DESCRIPTION OF THE TASK – Keep the pictures out. Copy every line of the listing exactly.

DATA BELOW –
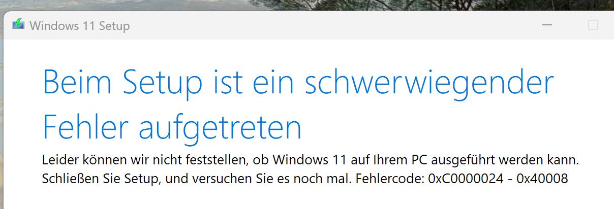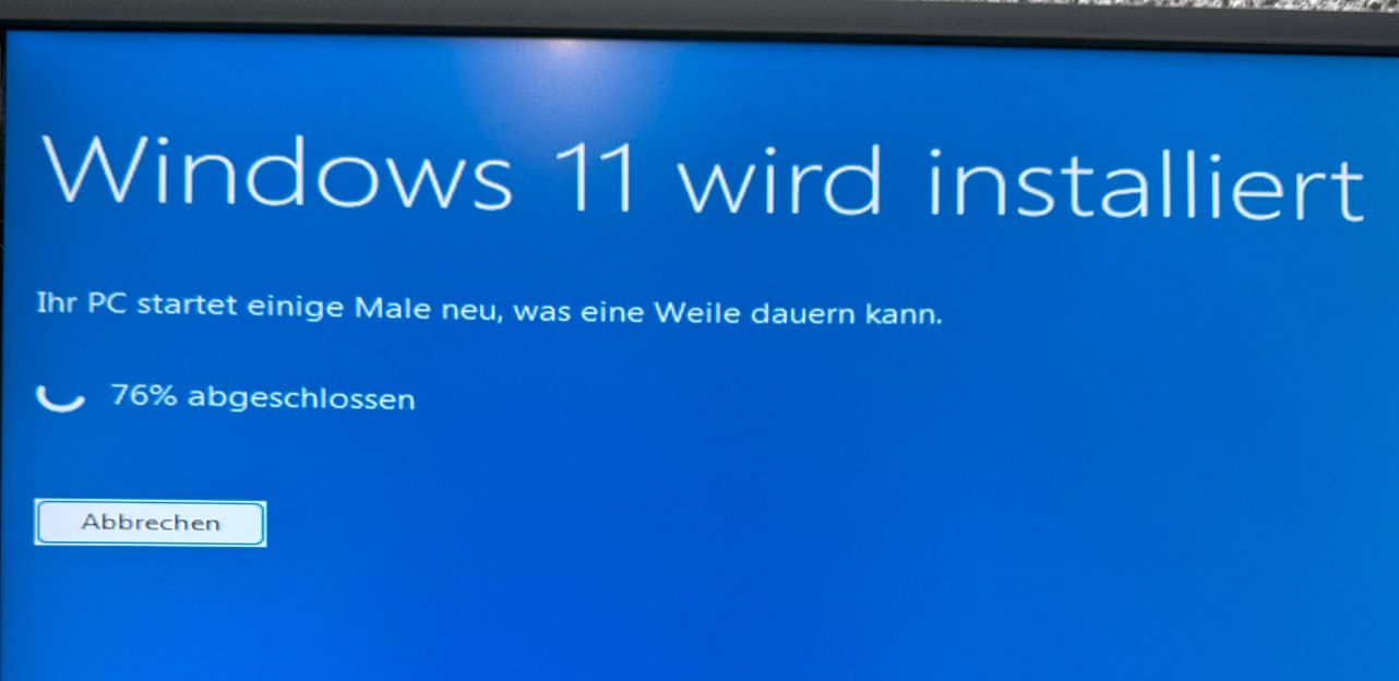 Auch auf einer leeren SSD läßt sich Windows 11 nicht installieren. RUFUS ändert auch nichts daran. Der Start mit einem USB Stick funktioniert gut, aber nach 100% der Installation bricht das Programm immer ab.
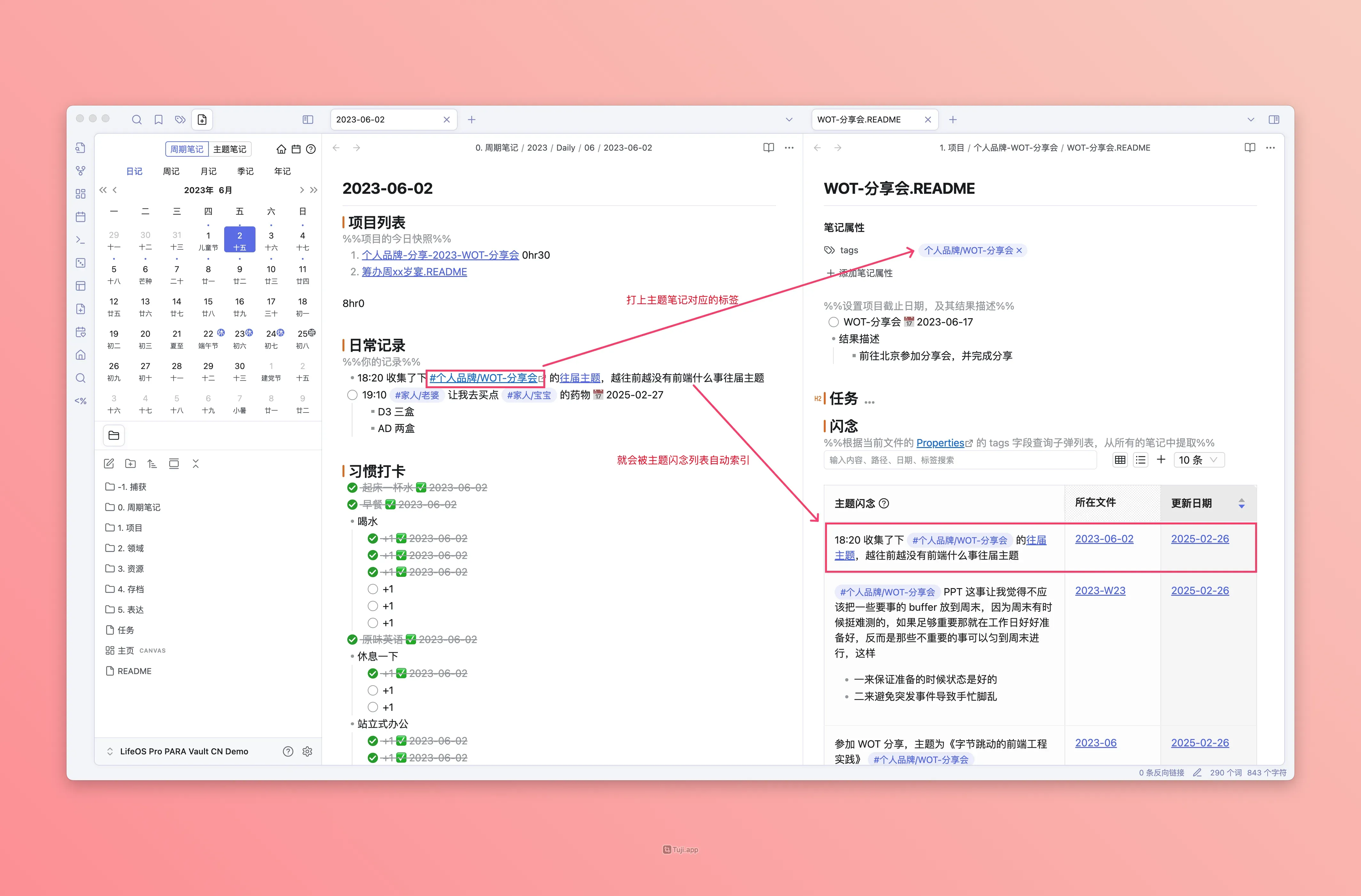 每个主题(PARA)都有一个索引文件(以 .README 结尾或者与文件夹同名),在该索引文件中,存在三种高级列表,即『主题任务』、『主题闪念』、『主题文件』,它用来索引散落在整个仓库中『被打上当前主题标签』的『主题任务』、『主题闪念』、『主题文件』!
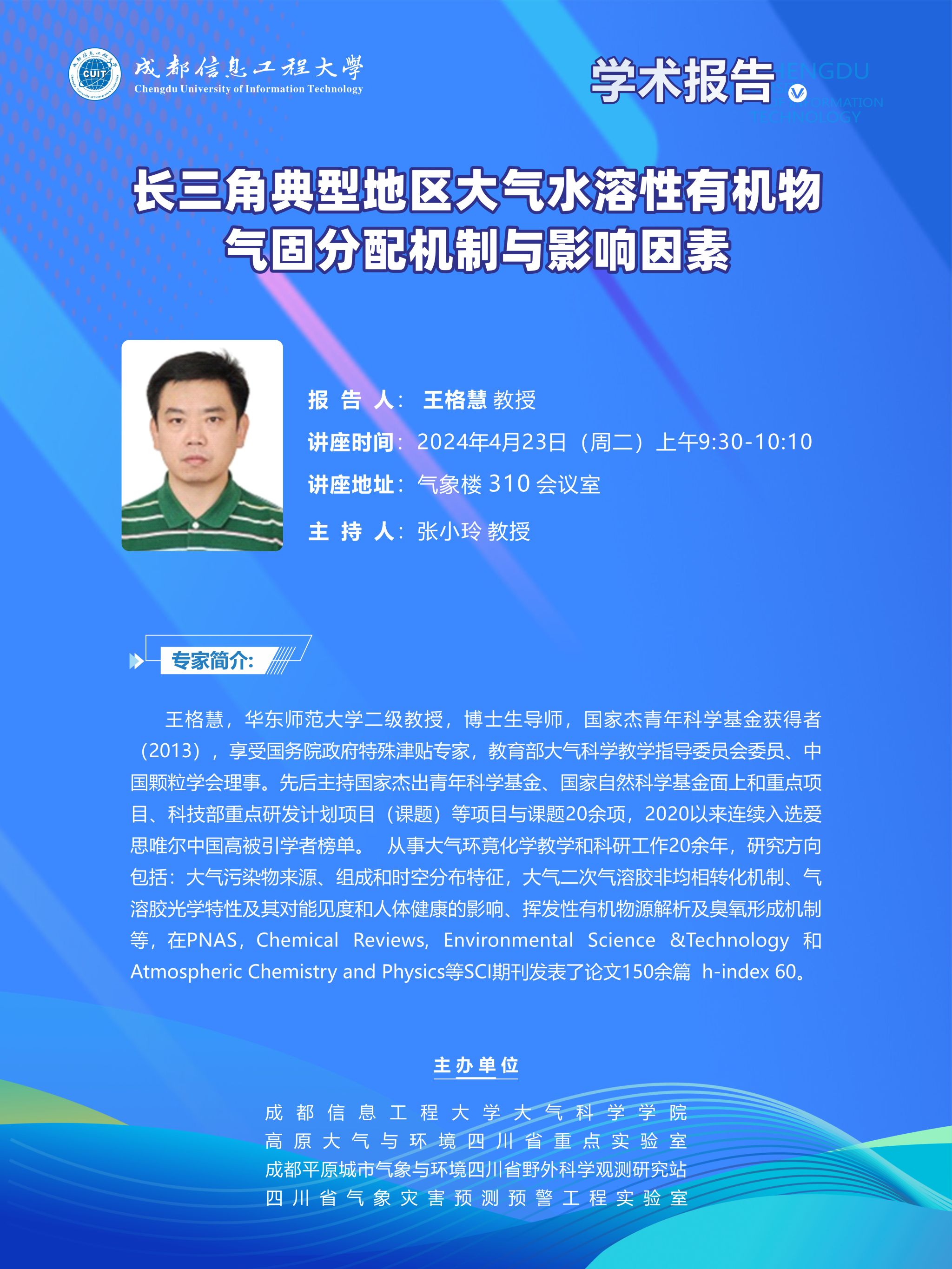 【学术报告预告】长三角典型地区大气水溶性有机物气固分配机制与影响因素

SOLUTION FOR THIS TASK –
 Auch auf einer leeren SSD läßt sich Windows 11 nicht installieren. RUFUS ändert auch nichts daran. Der Start mit einem USB Stick funktioniert gut, aber nach 100% der Installation bricht das Programm immer ab.
 每个主题(PARA)都有一个索引文件(以 .README 结尾或者与文件夹同名),在该索引文件中,存在三种高级列表,即『主题任务』、『主题闪念』、『主题文件』,它用来索引散落在整个仓库中『被打上当前主题标签』的『主题任务』、『主题闪念』、『主题文件』!
 【学术报告预告】长三角典型地区大气水溶性有机物气固分配机制与影响因素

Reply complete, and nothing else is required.